--- START ---

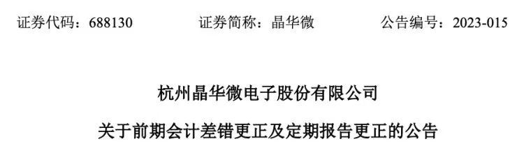 今年4月28日,上市不足一年的晶华微发布公告称,公司及时任财务总监周荣新、董事长吕汉泉被上交所给予监管警示,原因是公司前期部分会计处理存在差错,导致2022年半年度及第三季度报告相关财务信息披露不准确。
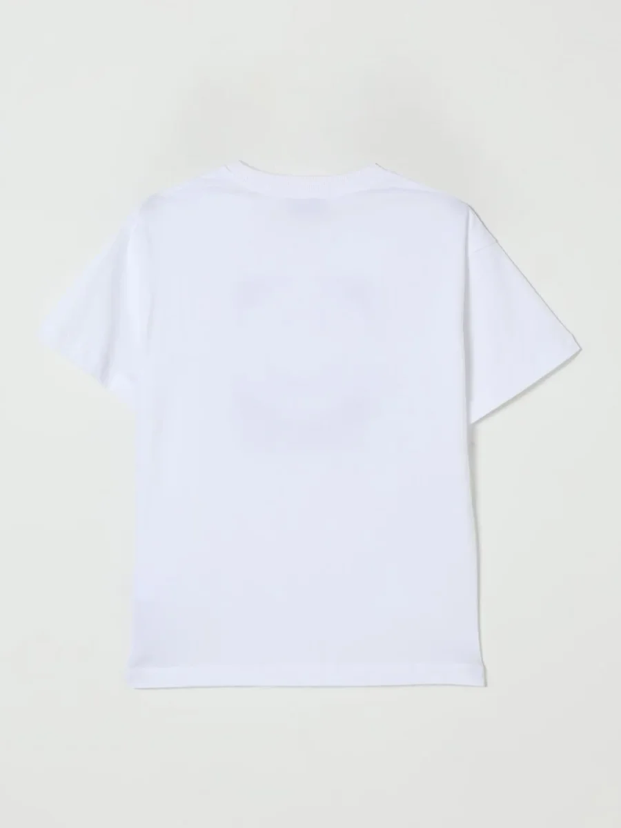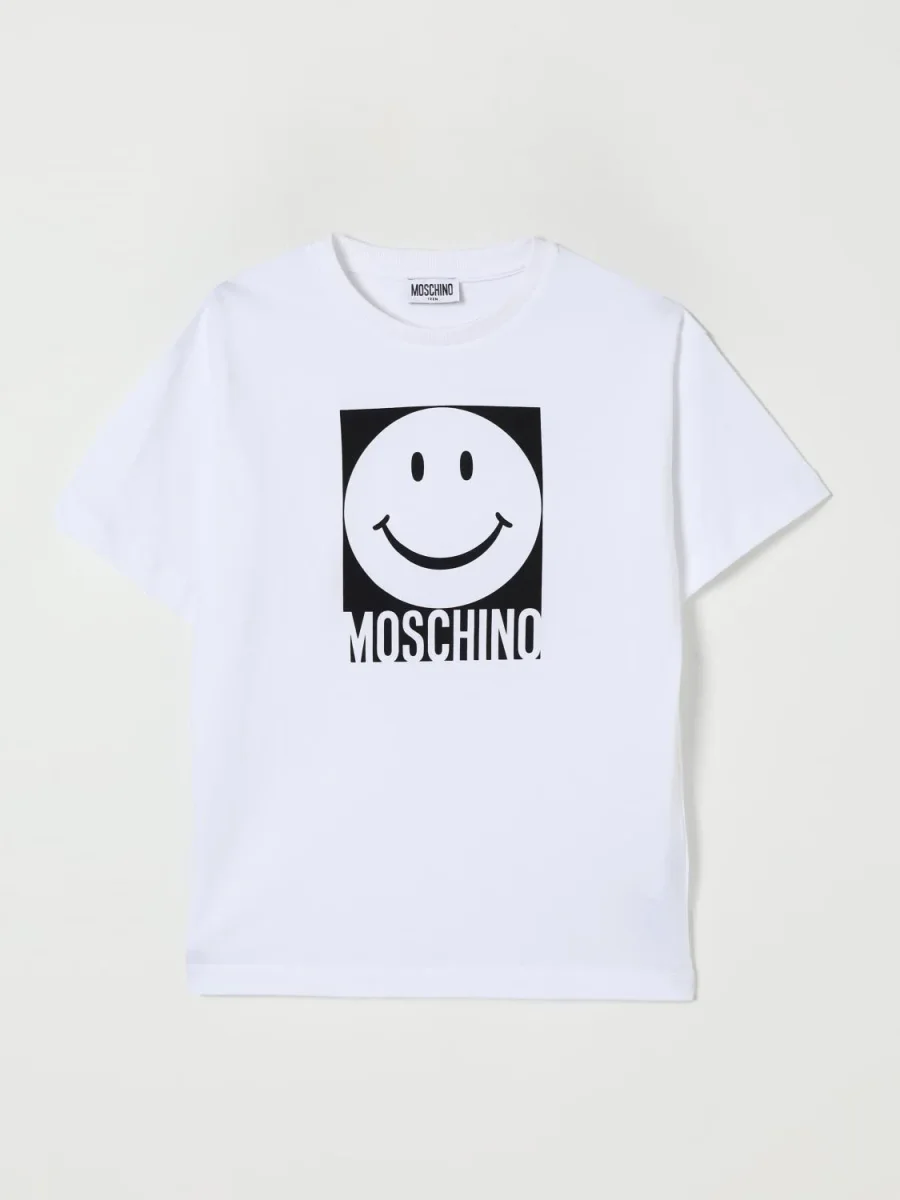 T-shirt Moschino Kids, modello girocollo e maniche corte, dettaglio con stampa logo smile in contrasto, colore bianco
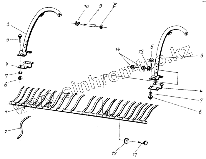 Рама - пальцевый брус - косилочные ножи с зубьями внизу
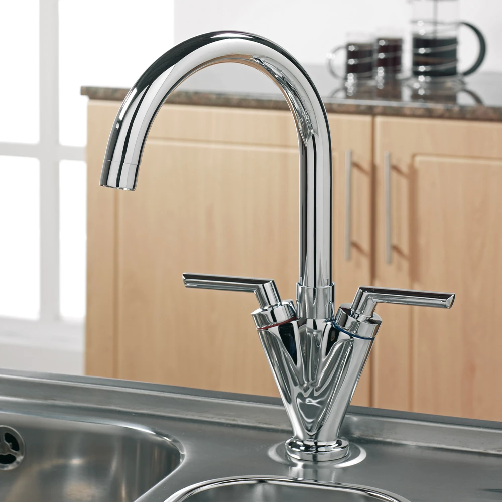 If you want practical, functional fixtures but need a stylish unit that will compliment your kitchen, then look no further than this Sagittarius contract lever monobloc kitchen sink mixer. The smooth curve of the spout provides a contrast to the angular, lever-activated taps, creating a striking modern silhouette.
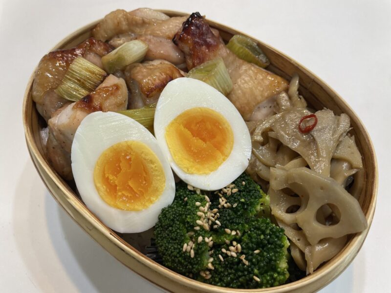 3品同時調理で、メインのグリルチキンと副菜2品を作った日のお弁当をご紹介。
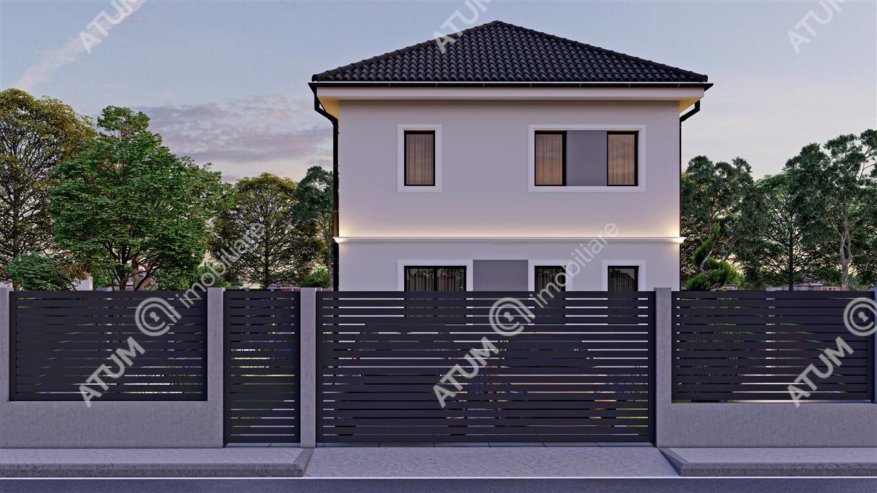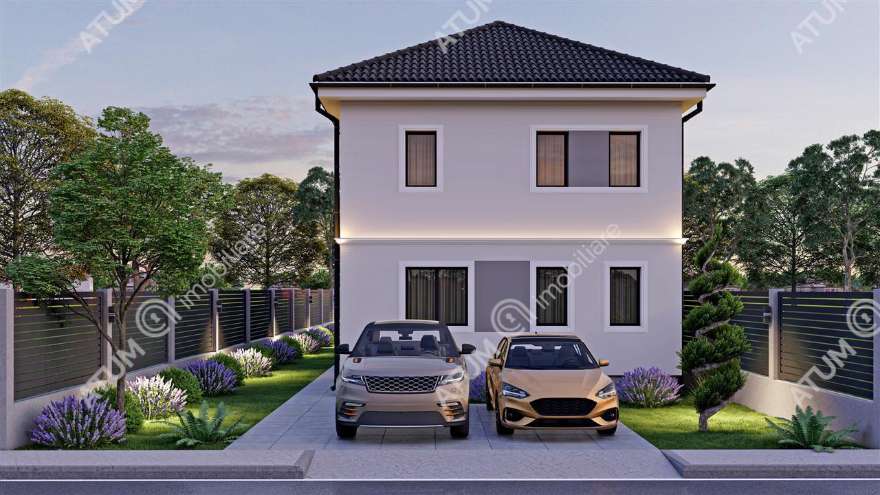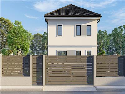 Contorizare individuala pentru gaz, curent si apa. Curtea si gradina vor fi amenajate cu , alei pietonale pavate, alee de acces auto si locuri de parcare pavate (gazon la cerere). Racorduri exterioare pentru apa, atat in partea din fata, cat si in partea din spate a casei. Imprejmuire cu gard cu structura din beton, inchideri din caramida si panouri metalice vopsite electrostatic. Poarta metalica pentru acces auto, cu posibilitate de automatizare, si poarta pietonala cu interfon.

--- END ---

WORK ITEM: In the entries above, find the line that contains "T-shirt Moschino Kids, modello" and the line that contains "3品同時調理で、メインのグリルチキンと副菜2品を作った日のお弁当をご紹介。". Reproduce exactly those two lines and every line between them, but not the pictures.

OUTPUT FOR THIS TASK:
 T-shirt Moschino Kids, modello girocollo e maniche corte, dettaglio con stampa logo smile in contrasto, colore bianco
 Рама - пальцевый брус - косилочные ножи с зубьями внизу
 If you want practical, functional fixtures but need a stylish unit that will compliment your kitchen, then look no further than this Sagittarius contract lever monobloc kitchen sink mixer. The smooth curve of the spout provides a contrast to the angular, lever-activated taps, creating a striking modern silhouette.
 3品同時調理で、メインのグリルチキンと副菜2品を作った日のお弁当をご紹介。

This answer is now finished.